Viene da pensare con una certa nostalgia ai pericoli e alle paure di generazioni passate: mica solo della guerra fredda, dell’atomica, delle invasioni marziane. Pure quelle continuamente rammentate, fare il bagno dopo pranzo al mare, le vipere in montagna, la bibita gelata che fa venire la congestione, le mosche e il tifo, la crema nel cannolo che fa venire la salmonella, le gran sudate dopo una corsa e la mortale aria di fessura, il sangue dal naso e innumerevoli tremendi contagi e contaminazioni.

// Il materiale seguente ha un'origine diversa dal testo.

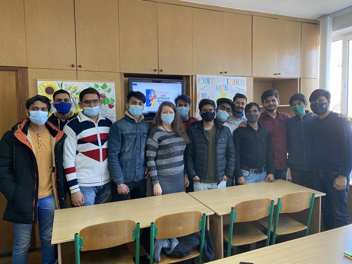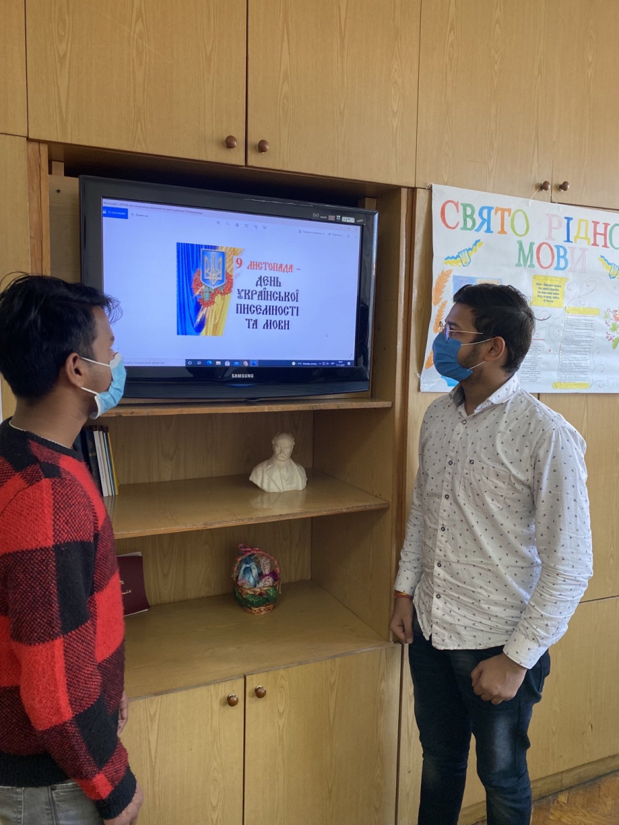 Доцент Оксана Новіцька разом зі студентами групи ІМ-145 подивилися та обговорили фільм про День української писемності та мови. Крім того, іноземні студенти декламували вірші про українську мову. Прекрасно звучала українська поезія з уст іноземних студентів – Коттур Валіяпідіяккал Джессіль і Борах Капіл.

È che, allora, madri apprensive a padri assenti intanto conquistavano, dopo la Costituzione che la Boschi voleva smantellare per combattere cancro e terrorismo, lo Statuto dei Lavoratori e l’articolo 18, la scuola dell’obbligo, l’assistenza sanitaria, il divorzio, il più amaro dei diritti, quello che toglieva l’interruzione di gravidanza dai territori del crimine e della clandestinità, il servizio civile, tutti quei beni comuni cui ci stanno facendo rinunciare in ossequio alle menzogne della post verità e  in nome della post libertà.